The government has decided to exclude overseas spectators from attending this summer’s Tokyo Olympics and Paralympics, as part of efforts to prevent the spread of the novel coronavirus, officials with knowledge of the matter said Tuesday.
The government and the Japanese organizing committee of the Summer Games are expected to hold a remote meeting with the International Olympic Committee and two other bodies possibly next week to make a formal decision on the issue of overseas visitors.
The government has concluded that welcoming fans from abroad is not possible given concerns among the Japanese public over the coronavirus and the fact that more contagious variants have been detected in many countries, according to the officials, who spoke on condition of anonymity.
While Chief Cabinet Secretary Katsunobu Kato said Wednesday a decision on spectators is up to the IOC, the Tokyo Metropolitan Government and the games’ organizing committee, he said that Olympics minister Tamayo Marukawa, in a meeting with representatives from each, stressed the need to carefully consider whether to let in foreign spectators, citing uncertainty about the coronavirus including its variants.
Japan continues to halt new entries of foreign nationals in principle as it is taking more time than initially expected for the government to stem the number of infections, which peaked at more than 2,500 cases per day in Tokyo in early January.
With the decision, the government will also have to review its growth strategy, given that expectations for inbound visitors to revive the Japanese economy were high, especially before the games were delayed for one year due to the outbreak of the virus.
On March 3, the representatives of the five organizing bodies, which also include the International Paralympic Committee and the Tokyo metropolitan government, agreed to make a decision on overseas spectators by the end of this month.
They will then make a call in April on the number of spectators to be allowed into venues based on Japanese restrictions on attendance at large events.
While the one-year postponement of the games has caused the cost to balloon to at least ¥1.64 trillion, the organizing committee was expecting to make ¥90 billion from ticket sales.
The committee now needs to proceed with refunding foreign ticket holders and it is expected to separately consider what to do with foreign spectators to be invited by corporate sponsors of the games.
The IOC has requested that Japan accept foreign spectators from sponsor companies, sources familiar with the situation said.
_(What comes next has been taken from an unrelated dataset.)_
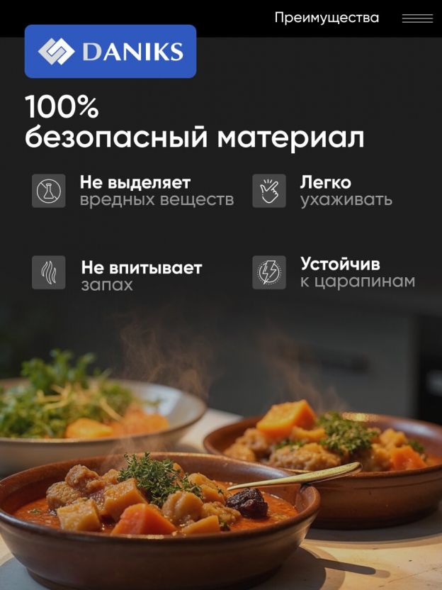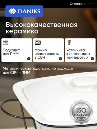 • Можно использовать в СВЧ и духовке (ставить только в холодную духовку).

A government source signaled Tokyo is prepared to accept the request.
The organizing committee has not publicly disclosed the total number of tickets to be sold, but some officials have said it was likely to be over 9 million before the games were rescheduled one year ago.
While about 1 million overseas spectators were expected to enter Japan, some 4.45 million tickets have already been sold in the country, of which about 810,000 requests for refunds have been made so far.
In December, a government-led panel tasked with coming up with COVID-19 measures for the Olympics said in an interim report that overseas spectators could use public transport and be exempt from a 14-day quarantine requirement if they were from countries with relatively few virus cases.
However, the Japanese organizers studied several options in parallel, such as holding the games behind closed doors and staging them with a limited number of spectators just from Japan.
“We would really like people from around the world to come to a full stadium, but unless we are prepared to accept them and the medical situation in Japan is perfect, it will cause a great deal of trouble also to visitors from overseas,” Seiko Hashimoto, president of the Japanese committee, told reporters last week.
Hashimoto has sought to finalize whether to let visitors from abroad watch the games live in the stands at each venue before the domestic leg of the Olympic torch relay begins on March 25.
The Olympics are due to take place between July 23 and Aug. 8, followed by the Paralympics from Aug. 24 to Sept. 5.